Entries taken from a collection
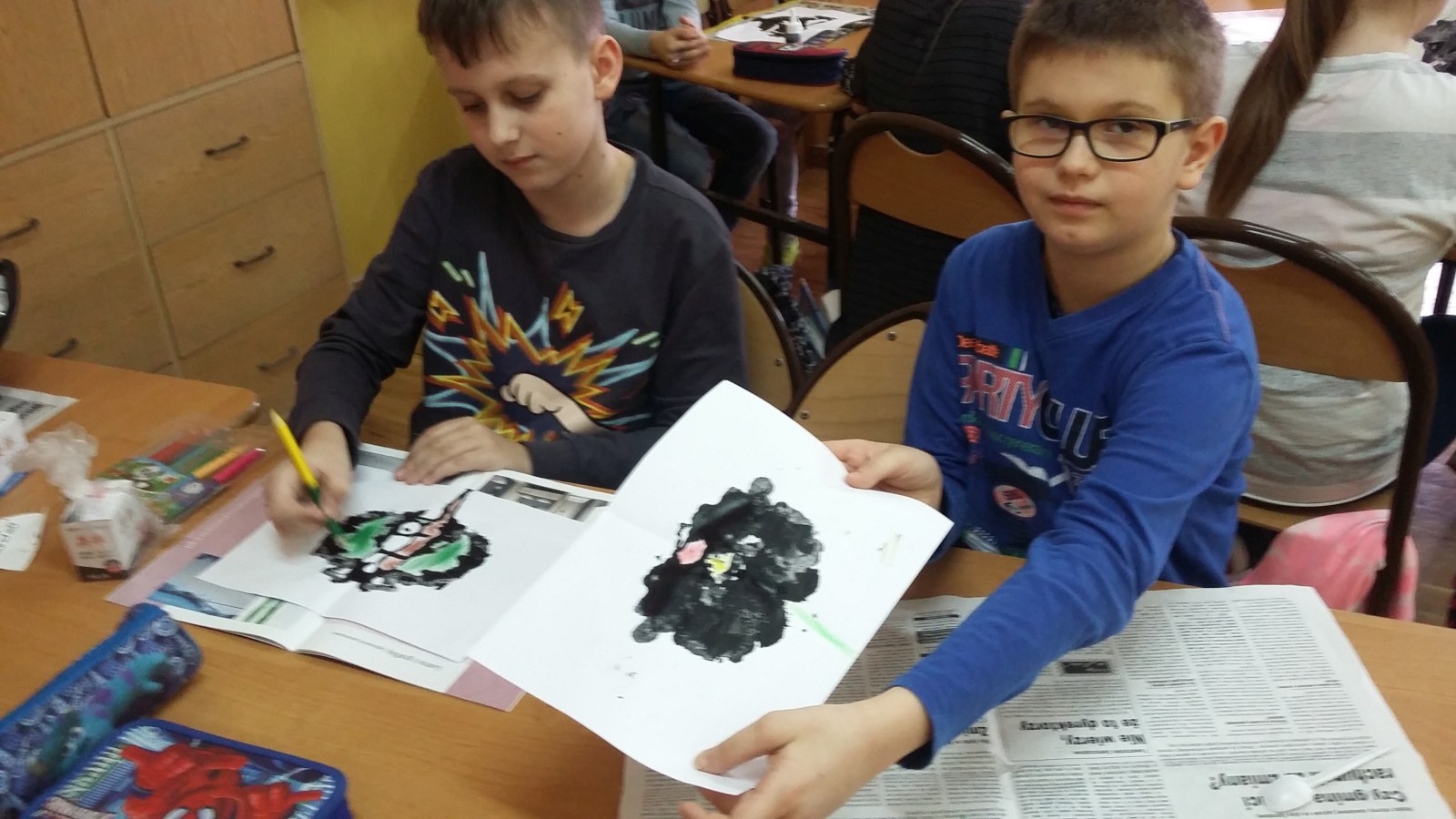 obejrzeli fragment filmu pt. „Akademia pana Kleksa” dotyczący lekcji kleksografii. Następnie opracowano instrukcję, według której pracowano na lekcji. Kiedy malowidła były gotowe, każdy uczeń ułożył rymowankę lub opisał swoje dzieło. Na koniec, w nagrodę za sumienną pracę obdarowano wszystkich kolorowymi piegami. Powstałe z kleksów prace okazały się bardzo ciekawe i zabawne.
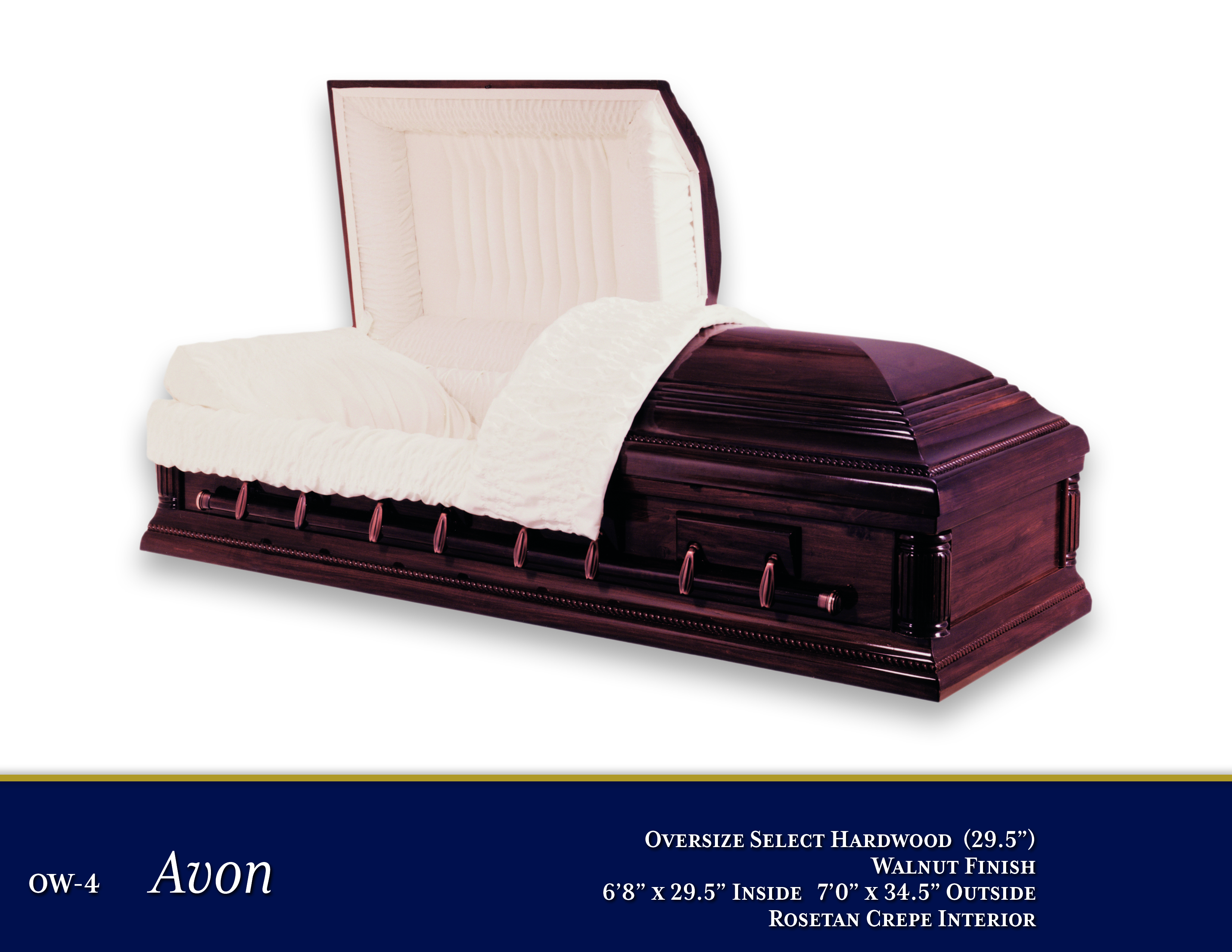 OW-4 Avon 29.5"$4,495.00PriceOversized Select HardwoodWalnut Finish6'8" x 29.5" Inside - 7'0" x 34.5" OutsideRosetan Crepe InteriorOpen Shareable Image
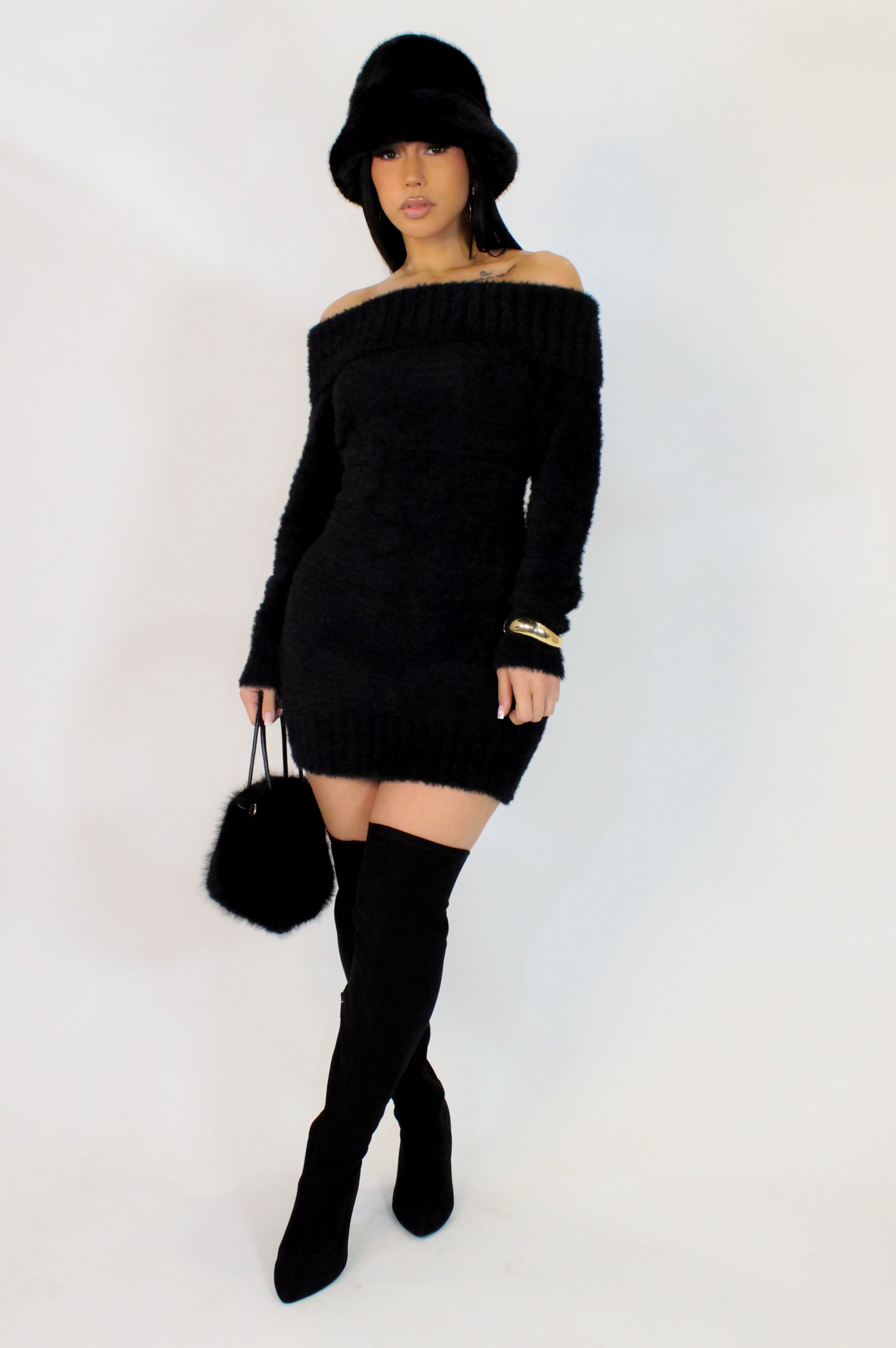 Au Fur Mini Dress- Black
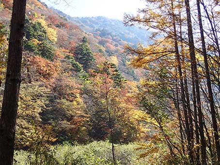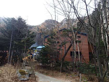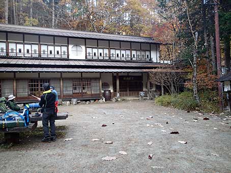 12:15ころ登山口まで降りて、13:00頃青木鉱泉に到着した。沢を渡るところが車道の橋しかなく、遠回りだった。
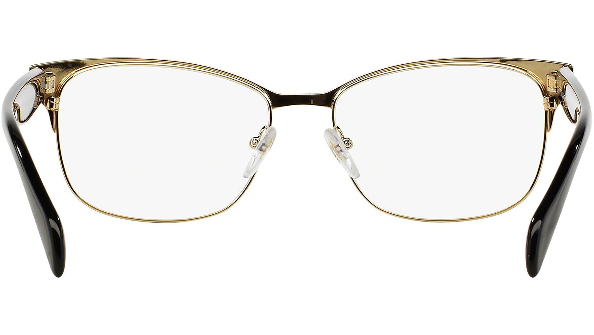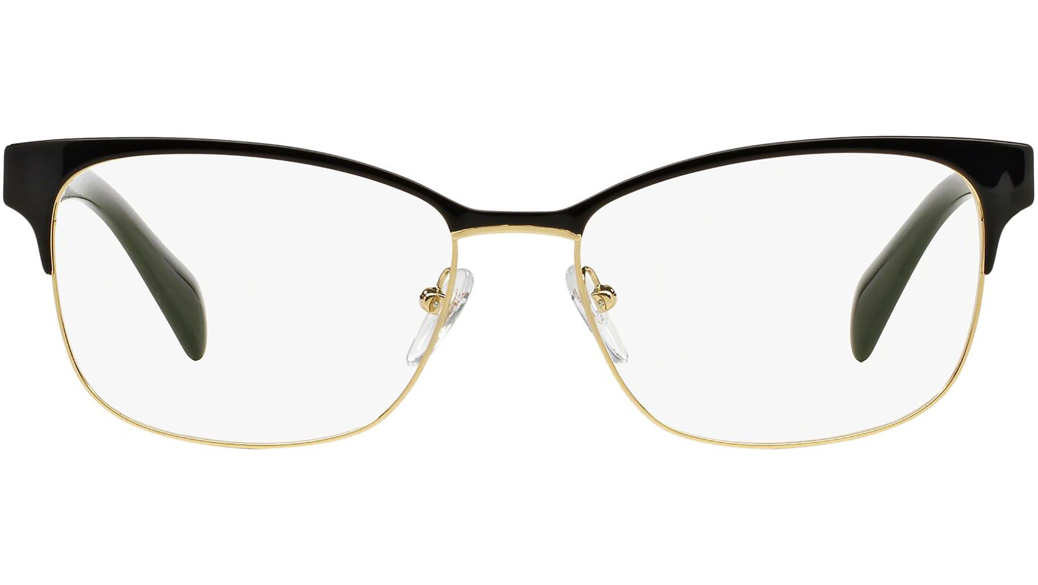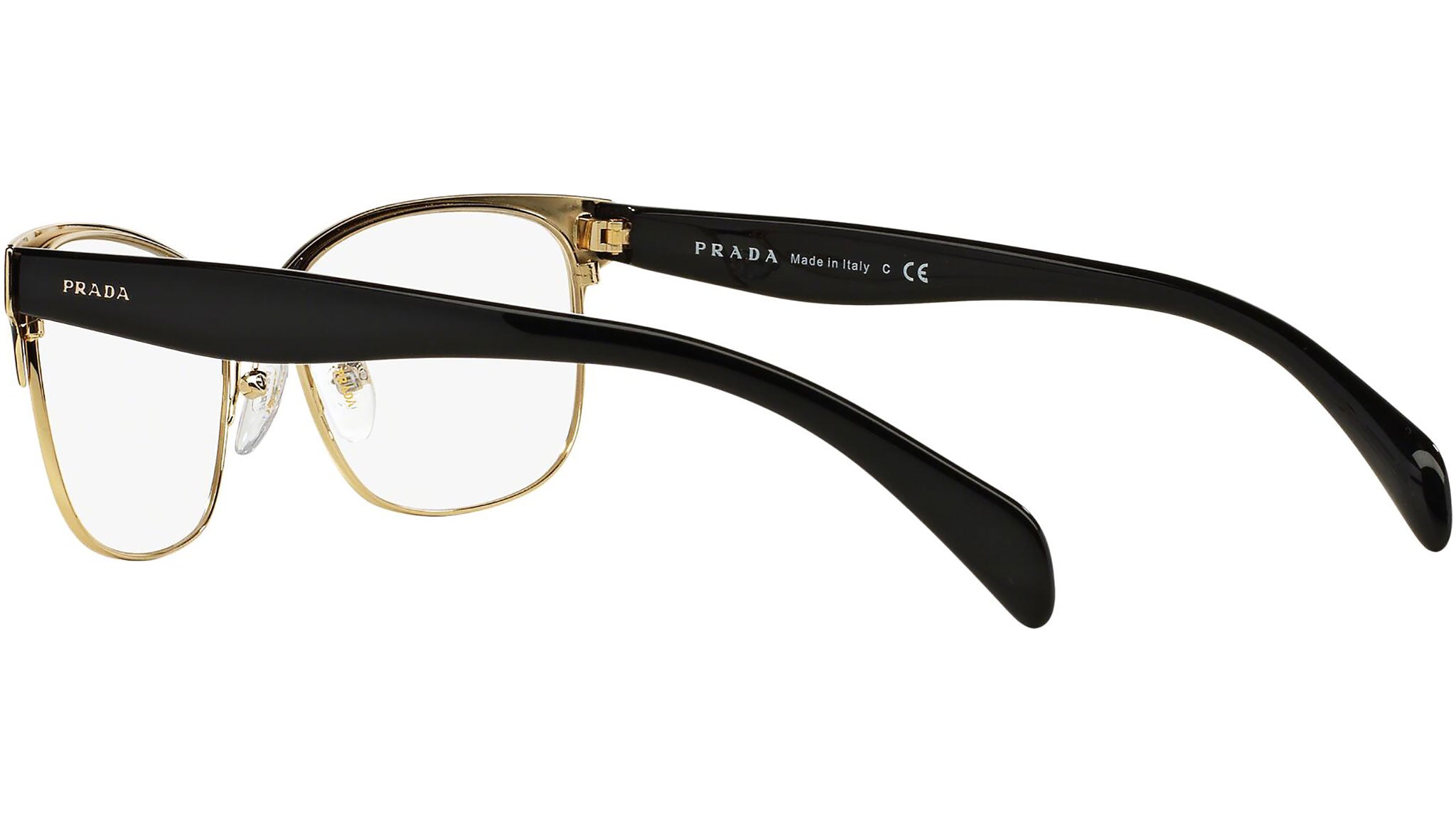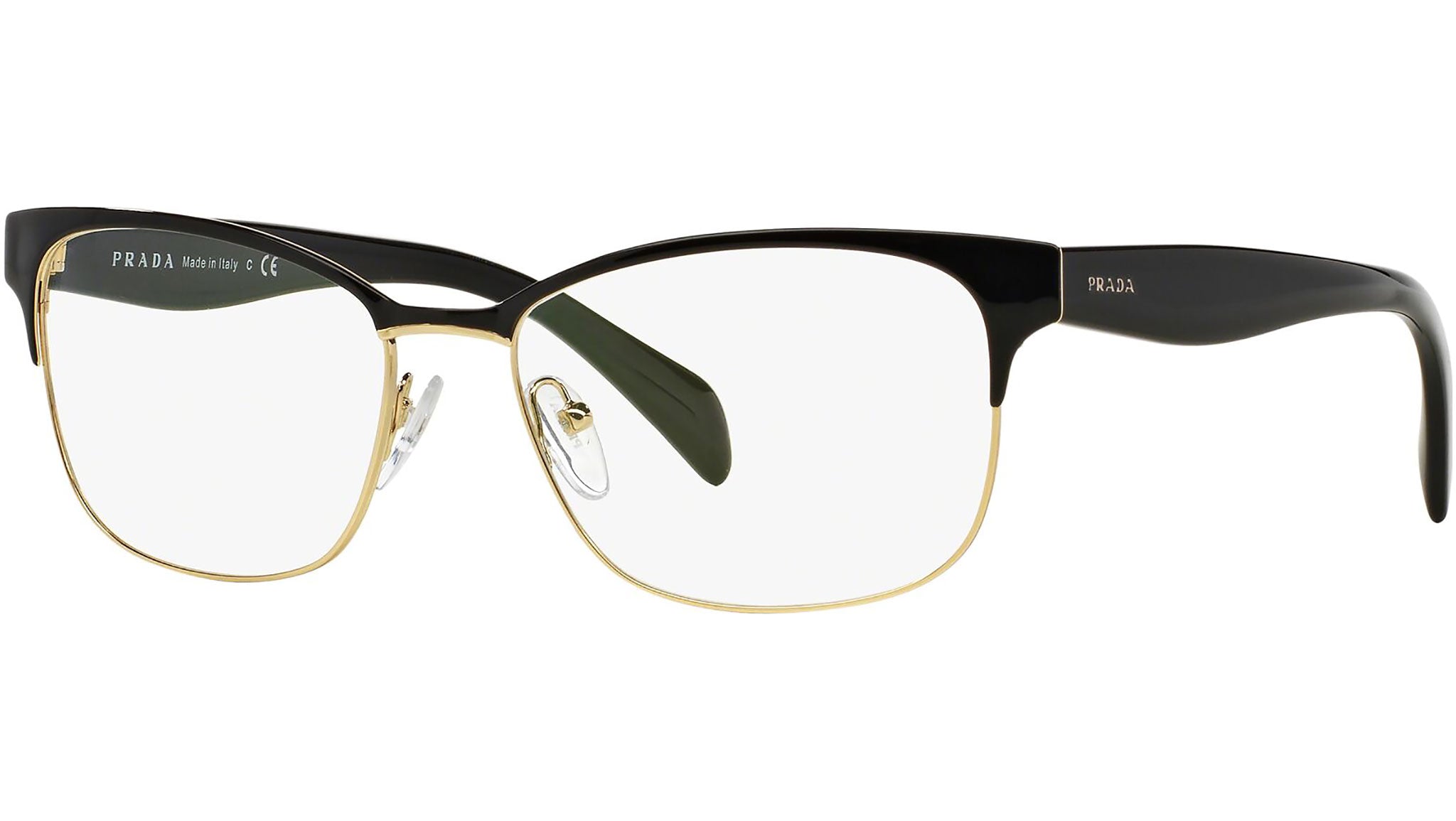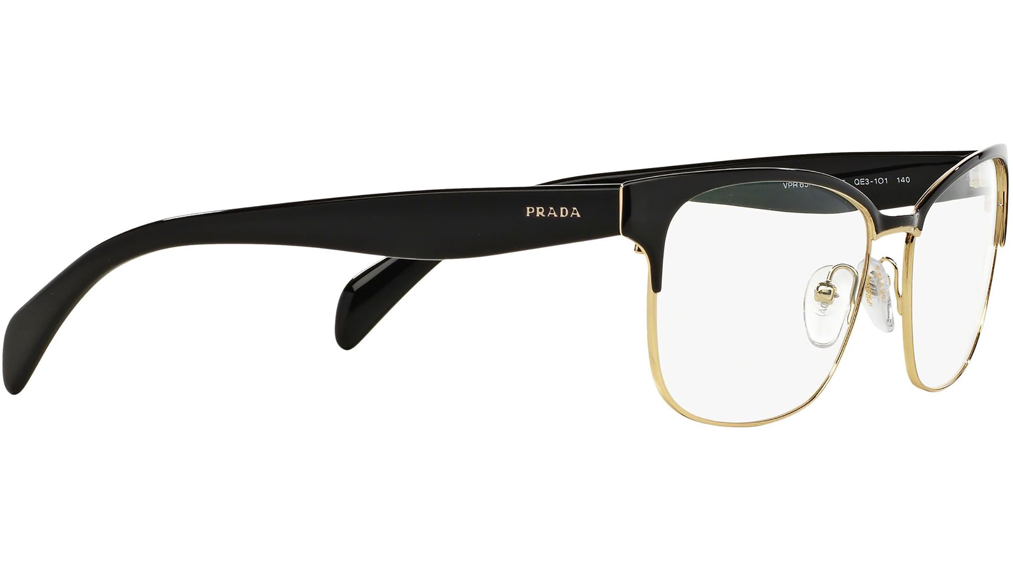 Prada Eyewear Collection model PR 65RV, black on pale gold frame variant, color code QE31O1. Prada represents the best of Italian culture and tradition. It is one of the most innovative, prestigious and widely recognized brands in the fashion and luxury goods industries, with a keen attention to details and new trends.

__Task instructions__
Extract exactly the lines from the one containing "Au Fur Mini Dress- Black" through the last line of the records above, both included, and leave out the pictures.

__Response box__
 Au Fur Mini Dress- Black
 12:15ころ登山口まで降りて、13:00頃青木鉱泉に到着した。沢を渡るところが車道の橋しかなく、遠回りだった。
 Prada Eyewear Collection model PR 65RV, black on pale gold frame variant, color code QE31O1. Prada represents the best of Italian culture and tradition. It is one of the most innovative, prestigious and widely recognized brands in the fashion and luxury goods industries, with a keen attention to details and new trends.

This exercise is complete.